DATA SUPPLIED:
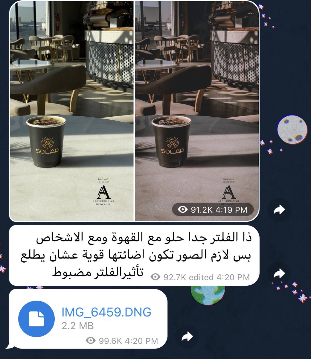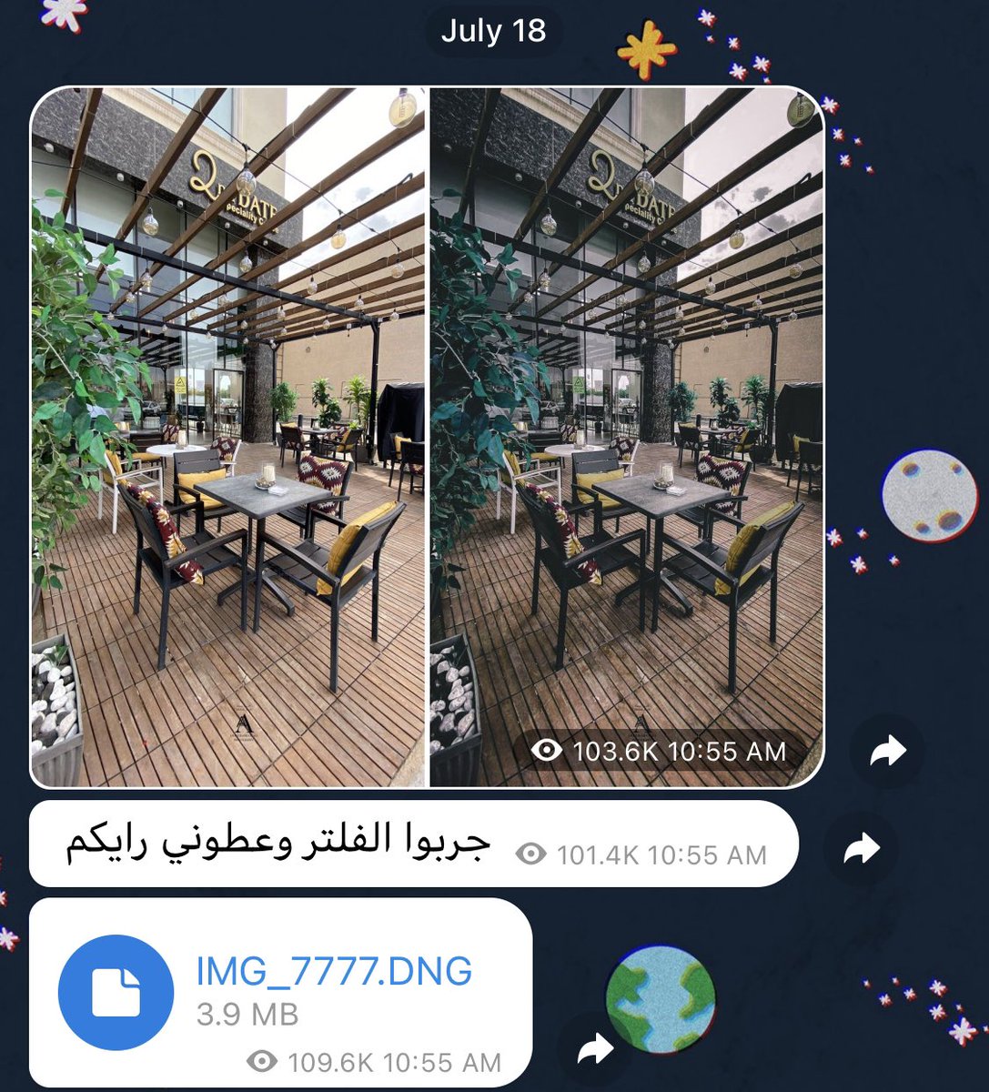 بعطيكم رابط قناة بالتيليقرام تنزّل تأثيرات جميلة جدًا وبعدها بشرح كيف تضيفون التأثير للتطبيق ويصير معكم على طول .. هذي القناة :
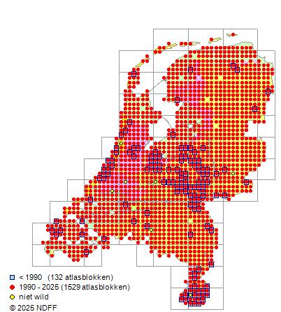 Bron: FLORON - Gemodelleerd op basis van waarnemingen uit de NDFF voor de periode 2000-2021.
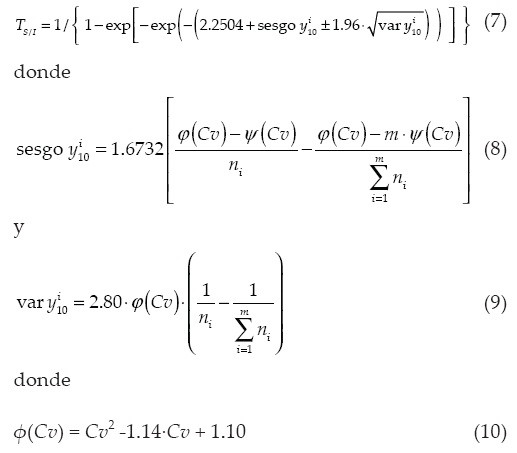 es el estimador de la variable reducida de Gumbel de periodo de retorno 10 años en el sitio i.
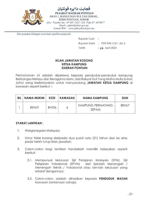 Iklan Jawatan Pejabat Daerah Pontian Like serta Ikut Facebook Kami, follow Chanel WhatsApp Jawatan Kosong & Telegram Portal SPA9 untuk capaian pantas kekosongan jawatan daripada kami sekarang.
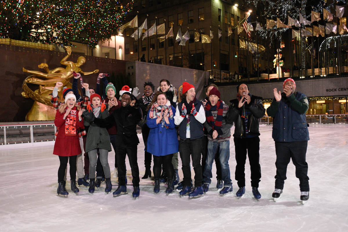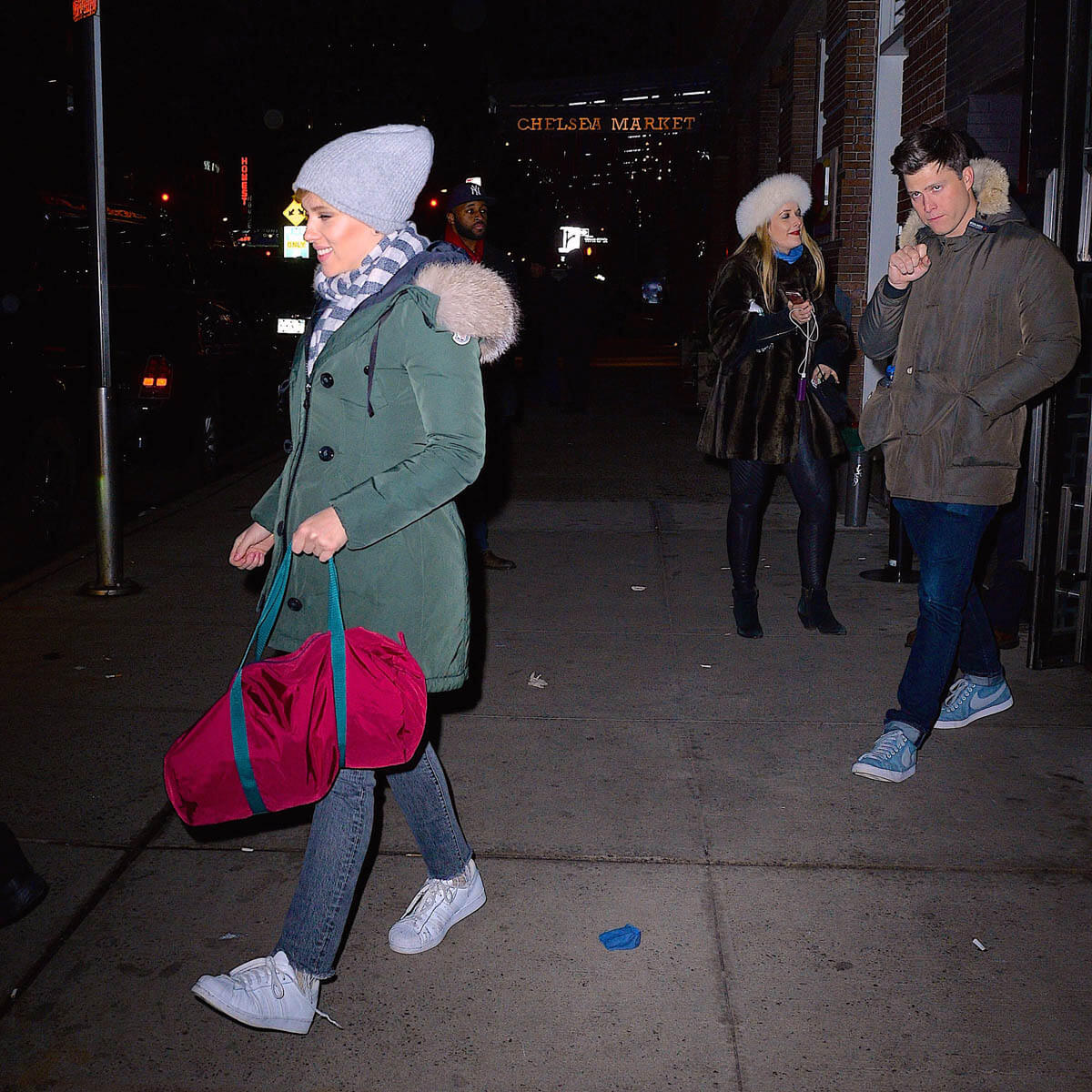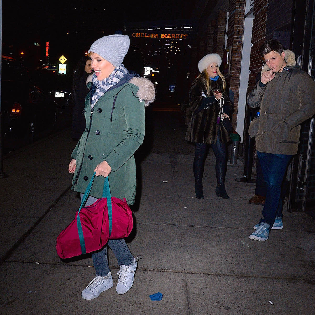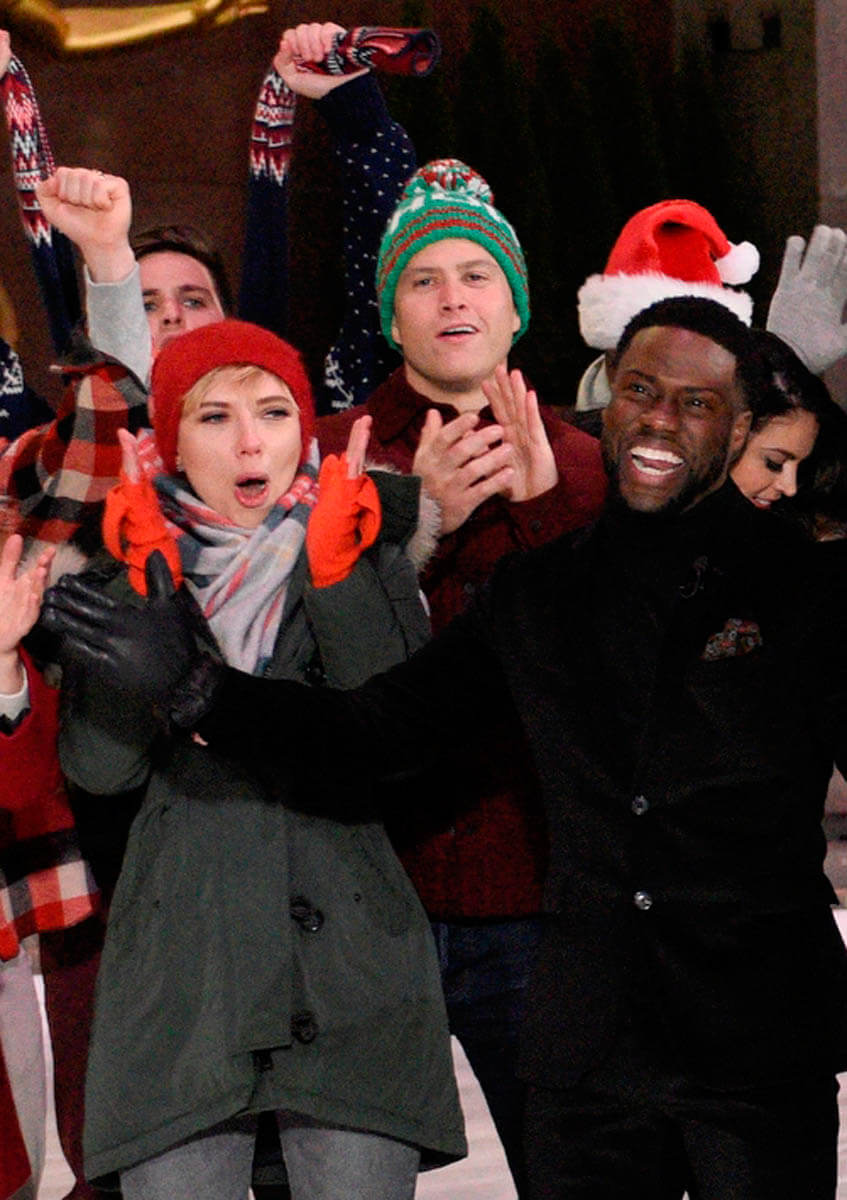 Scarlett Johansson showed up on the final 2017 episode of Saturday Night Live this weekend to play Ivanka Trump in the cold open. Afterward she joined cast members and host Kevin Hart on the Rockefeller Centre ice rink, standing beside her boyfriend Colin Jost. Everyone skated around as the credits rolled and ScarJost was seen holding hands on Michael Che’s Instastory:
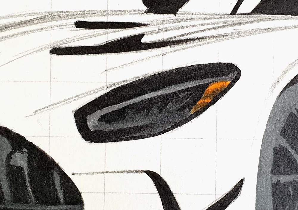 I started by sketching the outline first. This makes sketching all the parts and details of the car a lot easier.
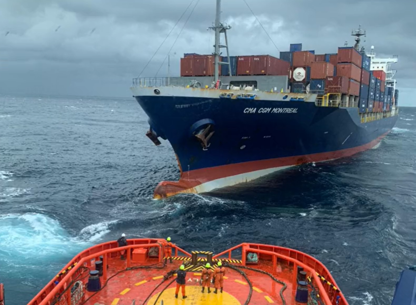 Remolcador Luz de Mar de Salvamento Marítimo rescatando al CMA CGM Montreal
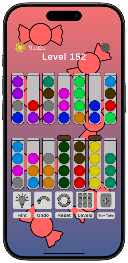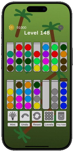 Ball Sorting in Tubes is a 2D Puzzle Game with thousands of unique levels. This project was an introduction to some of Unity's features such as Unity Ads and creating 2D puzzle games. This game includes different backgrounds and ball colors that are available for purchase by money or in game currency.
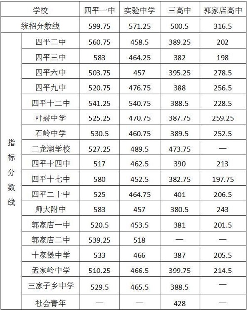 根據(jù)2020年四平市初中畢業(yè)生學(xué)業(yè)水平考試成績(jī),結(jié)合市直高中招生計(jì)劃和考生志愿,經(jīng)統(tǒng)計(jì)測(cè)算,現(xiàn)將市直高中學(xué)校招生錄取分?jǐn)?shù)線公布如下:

WORK TASK: Start at the line containing "Bron: FLORON - Gemodelleerd" above and stop at the line containing "es el estimador". Output those lines exactly, both included, but none of the pictures.

ANSWER TO THIS PROBLEM:
 Bron: FLORON - Gemodelleerd op basis van waarnemingen uit de NDFF voor de periode 2000-2021.
 es el estimador de la variable reducida de Gumbel de periodo de retorno 10 años en el sitio i.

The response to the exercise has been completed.